PROBLEM REQUIREMENTS
From the first line of the material to the line containing "- 总结:每个方法在被调用执", inclusive, write out each line exactly, leaving out the pictures.
RECORDED INFORMATION section start
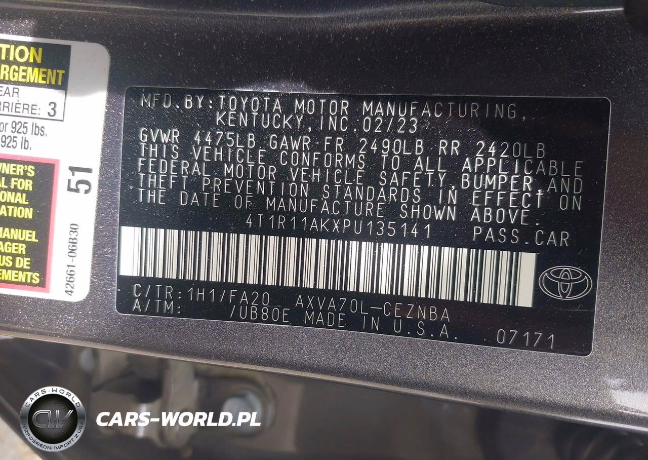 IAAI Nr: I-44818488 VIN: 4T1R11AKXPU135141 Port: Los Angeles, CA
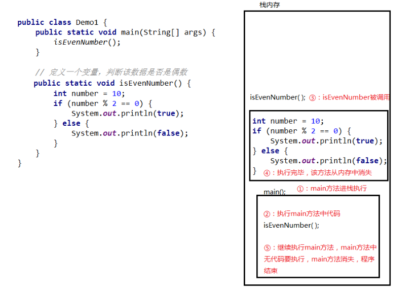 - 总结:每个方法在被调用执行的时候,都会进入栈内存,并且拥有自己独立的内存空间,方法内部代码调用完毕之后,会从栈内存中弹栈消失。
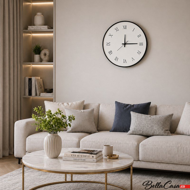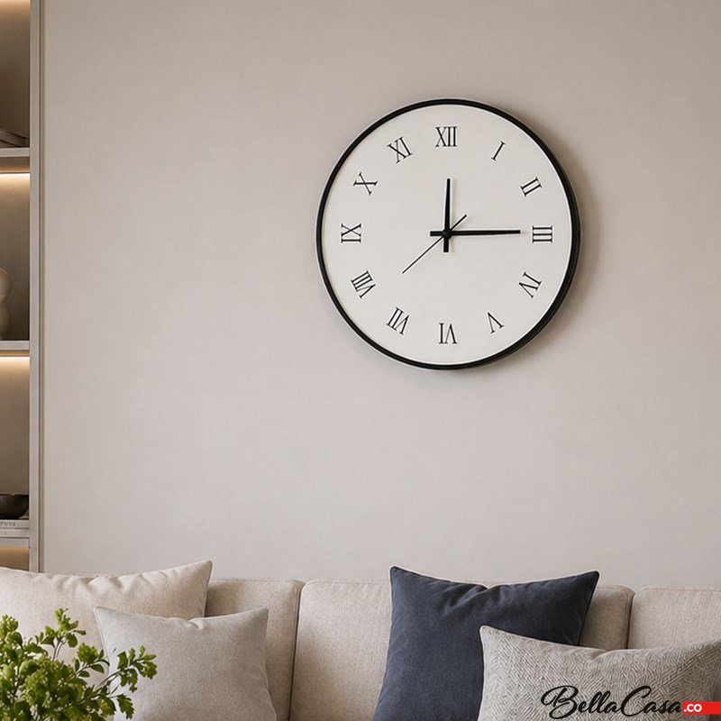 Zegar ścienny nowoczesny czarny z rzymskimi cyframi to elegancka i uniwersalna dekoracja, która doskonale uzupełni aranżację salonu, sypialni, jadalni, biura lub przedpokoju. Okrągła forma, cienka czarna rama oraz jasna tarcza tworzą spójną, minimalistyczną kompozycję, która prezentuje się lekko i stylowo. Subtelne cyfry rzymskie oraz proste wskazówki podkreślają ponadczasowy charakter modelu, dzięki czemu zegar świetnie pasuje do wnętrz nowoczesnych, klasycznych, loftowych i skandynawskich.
RECORDED INFORMATION section end
TASK RESPONSE
 IAAI Nr: I-44818488 VIN: 4T1R11AKXPU135141 Port: Los Angeles, CA
 - 总结:每个方法在被调用执行的时候,都会进入栈内存,并且拥有自己独立的内存空间,方法内部代码调用完毕之后,会从栈内存中弹栈消失。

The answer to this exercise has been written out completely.